To achieve this, the application utilizes WordNet API from NLTK and visualizes lexical connections between a search word its synonyms as a graph. Users can interact with the lexical graph to indicate known or unknown words by highlighting or unhighlighting. Meanwhile, a clustering algorithm running in the backend partitions Google's Web Trillion Word Corpus based on the distribution of known words. It then assigns each partition a "known probability" by the density of known words within. Using these probability assignments, the application will automatically predict "known" synonyms by highlighting them in the lexical visualization. As users continue to interact with the application, the prediction gains accuracy in real-time.

This is a three-week prototype for CMU 15112: Fundamentals of Programming and Computer Science.

Type: desktop application
Role: full-stack development
Implementation: Python, Tkinter
Date: 2018

︎︎︎View Source


In the main interface, users can choose the following modes to interact with new vocabularies.
  • lexigraph: visualizes the lexical relationships between a word and its synonyms.
  • explore: get the latest usage from Marriam Webster
  • search: look up a new word and return the result as a lexical graph
  • dictionary: conventional dictionary definition provided by WordNet
  • pair: a timed synonym paring game to strengthen memory
  • archive: find all previously searched words

Looking Up A New Word

Type in a word in the search mode to obtain a lexigraph. The synonyms are organized by search word's part-of-speech (POS) tags. Hover over each POS tag to see its definition.

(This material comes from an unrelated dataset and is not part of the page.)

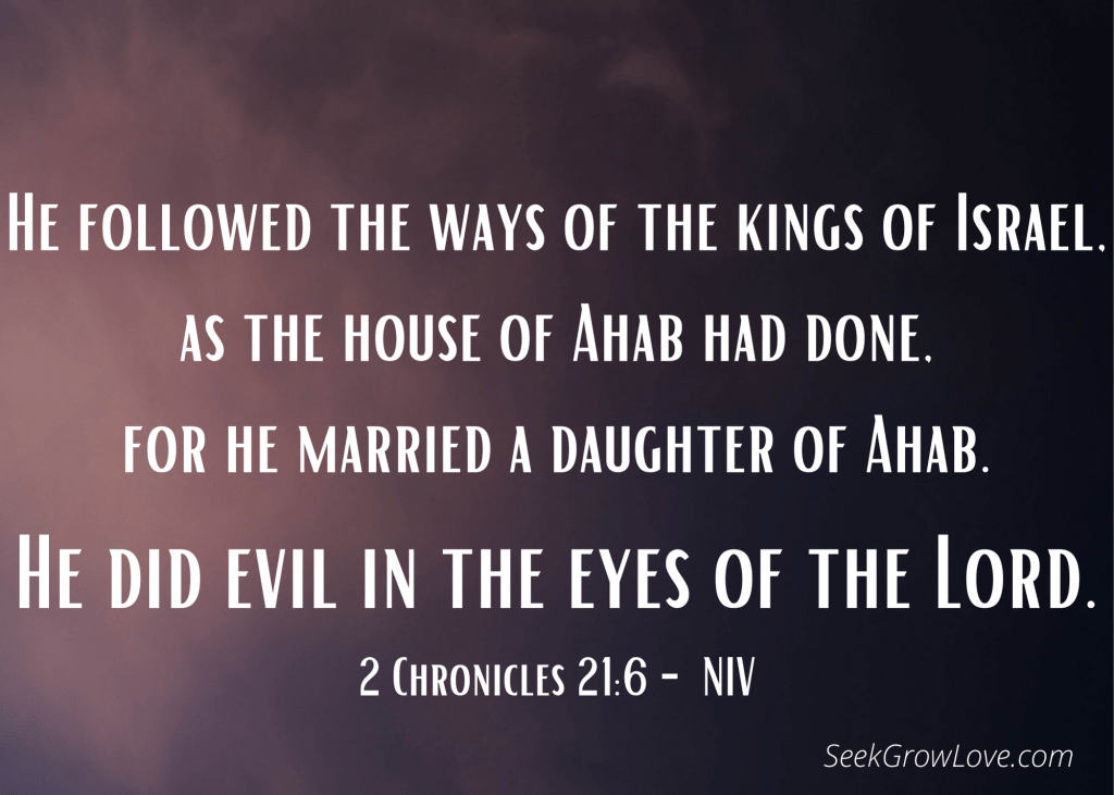 The main thing that jumps out at me from today’s reading is the importance of not only following the Lord ourselves wholeheartedly, but also how imperative it is to pass along a love for the Lord to our children (both physical and spiritual children). I’m convinced Jehoram could have been a great king, who loved the Lord, and had a blessed reign, if only Jehoshaphat had stressed the importance of following the Lord, and if Jehoshaphat had chosen a godly wife for Jehoram.

Interact to Indicate Word Familiarity

Click to highlight or unhighlight synonyms to indicate whether it is known. Lexigraph will remember words indicated as familiar or unfamiliar by the user.

Automatic prediction of known synonyms

Based on real-time user interactions, the application estimate words that are likely to be known by users and automatically highlights them in each search.

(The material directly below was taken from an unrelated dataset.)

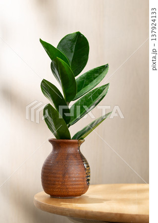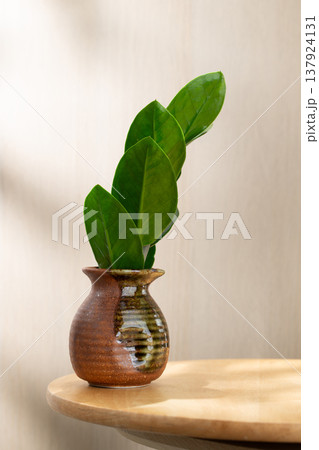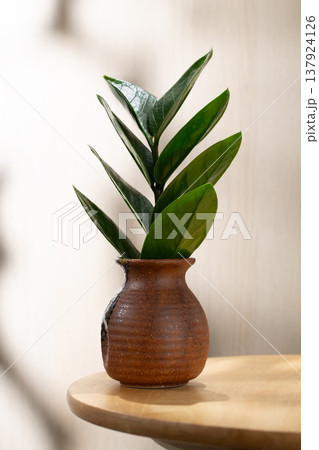 ZZ plant cutting in water in Japanese ceramic vase on wooden table with natural light minimal style

Conventional Dictionary View

View conventional dictionary definitions.

Get The Latest Usage from The Web

See the latest example usage from Merriam Webster.

Paring Game to Strengthen Retention

A timed word paring game in which users pair new vocabularies with known synonyms.

Review Learned Words

Stores all previously searched words for easy retrieval.

Backend Clustering Algorithm

The clustering algorithm in the backend predicts the probabilities of each synonym known to a user. The underlying assumption is that frequent words fall more on elementary reading levels while rare ones fall on more difficult levels. By proxy, the reading difficulty level of a word can be estimated using word frequencies. In this prototype, a sorted list of 30,000 words from Google's Web Trillion Word Corpus forms the vocabulary space. Based on real-time user interactions, the clustering algorithm partitions the vocabulary space and assigns a probability to each section according to the distribution densities of indicated known words. For instance, a region densely populated with known words has a higher known probability. In each subsequent search, synonyms with known probabilities above the mean are automatically highlighted.